The reply should consist solely of the lines from the one that holds "yılında İran sınırında" through the last line of the material, reproduced exactly; no pictures belong in it.

> **DATA PROVIDED**
* * * *
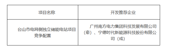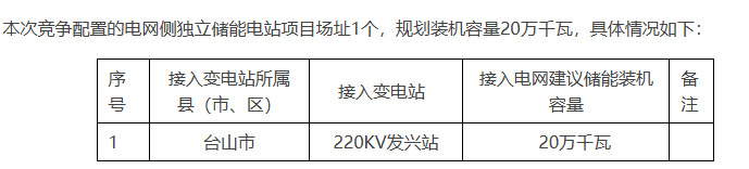 臺山市電網(wǎng)側(cè)獨(dú)立儲能電站項(xiàng)目競爭配置結(jié)果的公示
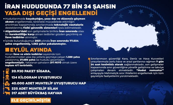 “2021 yılında İran sınırında 77 bin 34 şahıs engellenmiş, bin 562 şahıs yakalanmıştır”
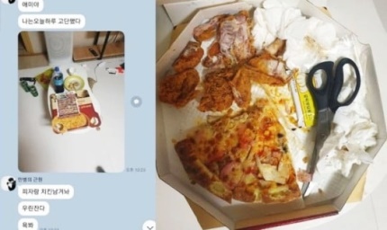 정주리는 이에 "주말에 녹화가 있어 남편이 애들을 봤는데, 모 피자랑 치킨 남겨 놓았다 해서 먹긴 먹겠는데, 치즈 토핑 어디감? 집에 쥐 키움? 치킨은 더 발라 먹어? 카카오톡 안봤음 그냥 쓰레기통으로 직진할 뻔"이라고 적고 쓰레기와 치즈 토핑이 없는 피자, 뼈 조각만 남은 치킨 등이 뒤엉킨 음식 사진을 공개했습니다. 또한 사용한 휴지와 가위도 음식 옆에 놓여있었습니다.
* * * *
> **OUTPUT OF THE TASK**
 “2021 yılında İran sınırında 77 bin 34 şahıs engellenmiş, bin 562 şahıs yakalanmıştır”
 정주리는 이에 "주말에 녹화가 있어 남편이 애들을 봤는데, 모 피자랑 치킨 남겨 놓았다 해서 먹긴 먹겠는데, 치즈 토핑 어디감? 집에 쥐 키움? 치킨은 더 발라 먹어? 카카오톡 안봤음 그냥 쓰레기통으로 직진할 뻔"이라고 적고 쓰레기와 치즈 토핑이 없는 피자, 뼈 조각만 남은 치킨 등이 뒤엉킨 음식 사진을 공개했습니다. 또한 사용한 휴지와 가위도 음식 옆에 놓여있었습니다.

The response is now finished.